At the World University Presidents Summit (WUPS) here last week, a report by Sir Colin Campbell, Vice-Chancellor of the University of Nottingham, U.K., showed how students are on the move, and the opportunities emerging therefrom. He said:

“A student from Brazil comes to Nottingham to study for a degree for a degree in international business or other subject.

“During her first year she learns that the university has a campus in China and realises what a tremendous advantage a year abroad in China could have, with the security that she will be taking the same modules.

“In semester two of the second year, she sets off, with a travel bursary, to the University of Nottingham, Ningbo, China, having taken a basic Mandarin course in Year One.

“While in China, she realises that the University of Nottingham is a member of the international network, Universitas 21, and the China campus is as much a part of that network. She applies for a one-semester study abroad opportunity at another Universitas 21 member, the University of Melbourne.

“In year three, she returns to the U.K., but in essence, she has crossed no borders because of the infrastructure provided by international campuses. Hopefully, she has become an immensely employable graduate.”

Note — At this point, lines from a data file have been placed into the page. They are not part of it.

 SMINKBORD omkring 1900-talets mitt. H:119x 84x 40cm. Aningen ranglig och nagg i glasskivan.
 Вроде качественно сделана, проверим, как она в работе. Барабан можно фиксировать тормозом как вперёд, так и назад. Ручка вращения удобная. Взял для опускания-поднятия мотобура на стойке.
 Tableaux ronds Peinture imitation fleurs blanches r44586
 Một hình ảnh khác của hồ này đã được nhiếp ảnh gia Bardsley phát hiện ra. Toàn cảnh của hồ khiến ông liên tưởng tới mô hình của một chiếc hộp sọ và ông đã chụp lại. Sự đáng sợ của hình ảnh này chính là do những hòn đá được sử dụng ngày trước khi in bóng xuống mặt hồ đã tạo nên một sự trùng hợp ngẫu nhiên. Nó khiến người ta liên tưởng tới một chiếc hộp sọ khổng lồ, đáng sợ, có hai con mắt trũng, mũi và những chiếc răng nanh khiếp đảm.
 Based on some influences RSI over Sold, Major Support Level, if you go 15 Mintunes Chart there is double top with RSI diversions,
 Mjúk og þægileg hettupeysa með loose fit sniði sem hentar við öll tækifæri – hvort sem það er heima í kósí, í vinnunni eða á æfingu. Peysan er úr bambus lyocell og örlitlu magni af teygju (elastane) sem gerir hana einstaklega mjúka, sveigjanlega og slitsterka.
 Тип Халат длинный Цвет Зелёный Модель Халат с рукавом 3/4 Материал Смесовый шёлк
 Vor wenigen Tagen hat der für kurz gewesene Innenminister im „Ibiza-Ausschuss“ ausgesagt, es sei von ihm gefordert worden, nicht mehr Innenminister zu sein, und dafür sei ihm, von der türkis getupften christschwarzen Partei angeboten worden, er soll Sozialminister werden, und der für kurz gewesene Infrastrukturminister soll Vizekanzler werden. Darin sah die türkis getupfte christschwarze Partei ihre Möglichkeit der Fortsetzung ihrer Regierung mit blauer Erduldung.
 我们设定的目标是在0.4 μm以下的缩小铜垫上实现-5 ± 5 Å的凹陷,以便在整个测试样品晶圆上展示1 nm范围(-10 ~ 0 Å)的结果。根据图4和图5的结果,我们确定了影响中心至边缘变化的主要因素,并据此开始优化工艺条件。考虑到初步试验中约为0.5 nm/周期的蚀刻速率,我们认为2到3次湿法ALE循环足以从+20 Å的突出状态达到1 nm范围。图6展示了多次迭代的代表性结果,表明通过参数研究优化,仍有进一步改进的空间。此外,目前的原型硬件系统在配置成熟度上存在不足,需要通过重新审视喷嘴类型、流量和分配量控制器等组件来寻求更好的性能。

However, significant debate is emerging among the universities about education becoming increasingly commercialised and dominated by institutions of the developed countries.

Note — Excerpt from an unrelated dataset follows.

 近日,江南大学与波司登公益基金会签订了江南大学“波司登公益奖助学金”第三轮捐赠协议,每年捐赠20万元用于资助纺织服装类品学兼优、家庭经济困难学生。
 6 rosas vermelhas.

Developing countries are also seriously worried about a “brain drain” of talent and skills as well as finding ways to make education available to the less privileged members of society.

The most critical issue is related to the quality of future leadership. While one force wants to create a truly global, open-minded world order, a countervailing concern is that universities are becoming increasingly politicised and “de-secularised” by the growing influence of religiously denominated institutions.

Attended by 1,582 delegates, including 613 from 87 countries as diverse as Angola and Brazil, plus 12 education ministers, the WUPS offered an exceedingly powerful opportunity for discussion of His Majesty the King’s sufficiency-economy concept and its applicability in the educational domain.

Following on from a keynote presentation on the subject by Dr Chirayu Issarangkun na Ayuthaya, Chairman of NIDA as well as of the Sufficiency Economy Movement Sub-Commission, the concept was avidly discussed in a number of the workshops, virtually ensuring that it has taken root as an antidote and alternative to the ravages of globalisation.

The convention also provided an opportunity for Thailand’s educational institutions to get global exposure. The travel & tourism industry was well represented in the university exhibition represented alongside the convention.

Although the Dusit Thani College was the only dedicated travel & tourism institution among the exhibitors, a number of other universities featured the diversity of their many courses in an industry that badly needs trained manpower.

The Suan Dusit Rajabhat University is now offering courses in fruit and vegetable carving as part of its home economics course. It had a colourful exhibit featuring a number of students demonstrating the art.

The Mae Fah Luang University offers a degree in Applied Thai Medicine and Chandrakasem Rajabhat University has a Bachelor’s degree in Traditional Chinese Medicine. A representative of Kasetsart University, once known largely for agricultural expertise, said among its most popular international programmes are for aerospace engineers.

The convention will also generate spin-off business for Thailand. Already in the pipeline are the Universiade conference between 9-12 August 2007 and the World Universities Debating Championship between December 25, 2007 to January 5, 2008, the first time it will be held in Thailand.